[mrhlth]

Hi there guys;

im supposed to return this table:

1 2 3
0 3 4
0 0 5

in the form of a list of lists, so the function listoflists will return as so: [[1,2,3],[3,4],[5]]

my attempt:
ive planned to first create 3 arrays of size 3 full of zeroes, as such: [[0,0,0],[0,0,0],[0,0,0]]
and then further append them with the numbers i need, but this didnt really work out well for me, as i needed to delete the extra zeroes but couldnt, and the loops used to append everything into the lists confused the hell out of me. any help will be appreciated, thanks!

[SuperOscar]

Originally Posted by mrhlth

Hi there guys;

im supposed to return this table:

1 2 3
0 3 4
0 0 5

in the form of a list of lists, so the function listoflists will return as so: [[1,2,3],[3,4],[5]]

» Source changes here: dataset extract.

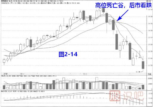 見(jiàn)圖2一14,股價(jià)經(jīng)過(guò)前段上漲,處在高位,已開(kāi)始出現(xiàn)多根大陰線,股價(jià)短期無(wú)法繼續(xù)上揚(yáng),后來(lái)出現(xiàn)高位死亡谷,更表明此處空方力量的強(qiáng)大,投資者應(yīng)先行出局觀望。該股后市一瀉千里,短期跌幅巨大。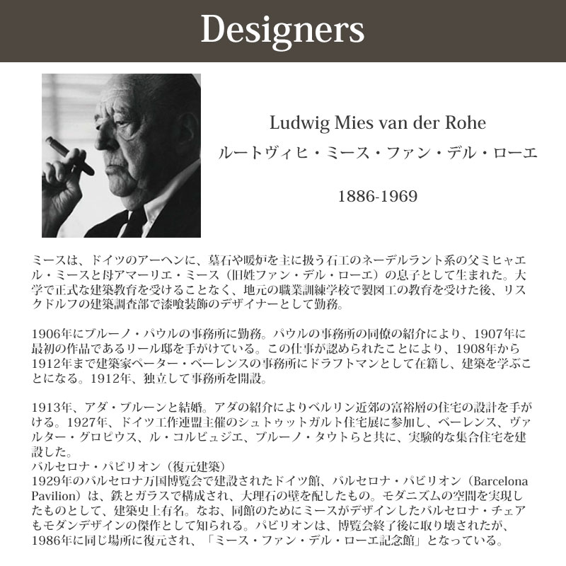 デザイナー:ルートヴィヒ・ミース・ファン・デル・ローエ / Ludwig Mies van der Rohe

Since you didn’t specify what’s being sent TO the function, I guess this’ll do:

Code:

def listoflists():
    return [[1, 2, 3], [3, 4], [5]]

[mrhlth]

Originally Posted by SuperOscar

Since you didn’t specify what’s being sent TO the function, I guess this’ll do:

Code:

def listoflists():
    return [[1, 2, 3], [3, 4], [5]]

ah my bad! the parameter for listoflists is int n, when n = 4, the table is:
1 2 3
0 3 4
0 0 5

and if n = 5, table:
1 2 3 4
0 3 4 5
0 0 5 6
0 0 0 7

so the input for this is n, and it returns a list of lists based on a table created, with dimensions n-1 x n-1, sorry for the inconvenience!

[b49P23TIvg]

Following program is close but runs into index error. I found the bug and fixed it. Can you? I found a simple dependence of A[i][j] on i and j. The line marked with ***1 is unneeded, and the dependence of a[i][j] on with the previous row can be eliminated on the line marked ***2 . Can you find a simplification?

Code:

def f(n):
    '''
        whacko array creator
        >>> f(4) == [[1,2,3],[0,3,4],[0,0,5]]
        True
    '''
    A = [[0 for i in range(n - 1)] for j in range(n - 1)]
    A[0][:] = range(1, n) # first row  ******1
    for i in range(1, n - 1): # (yes, this range would need to change as well to answer the second question)
        for j in range(i, n):
            A[i][j] = A[i-1][j] + 1  # ******2
    return A

[mrhlth]

Originally Posted by b49P23TIvg

Following program is close but runs into index error. I found the bug and fixed it. Can you? I found a simple dependence of A[i][j] on i and j. The line marked with ***1 is unneeded, and the dependence of a[i][j] on with the previous row can be eliminated on the line marked ***2 . Can you find a simplification?

Code:

def f(n):
    '''
        whacko array creator
        >>> f(4) == [[1,2,3],[0,3,4],[0,0,5]]
        True
    '''
    A = [[0 for i in range(n - 1)] for j in range(n - 1)]
    A[0][:] = range(1, n) # first row  ******1
    for i in range(1, n - 1): # (yes, this range would need to change as well to answer the second question)
        for j in range(i, n):
            A[i][j] = A[i-1][j] + 1  # ******2
    return A

Thank you SO MUCH for your help! i found the bug and fixed it, now its giving me the correct answers! Thank you again!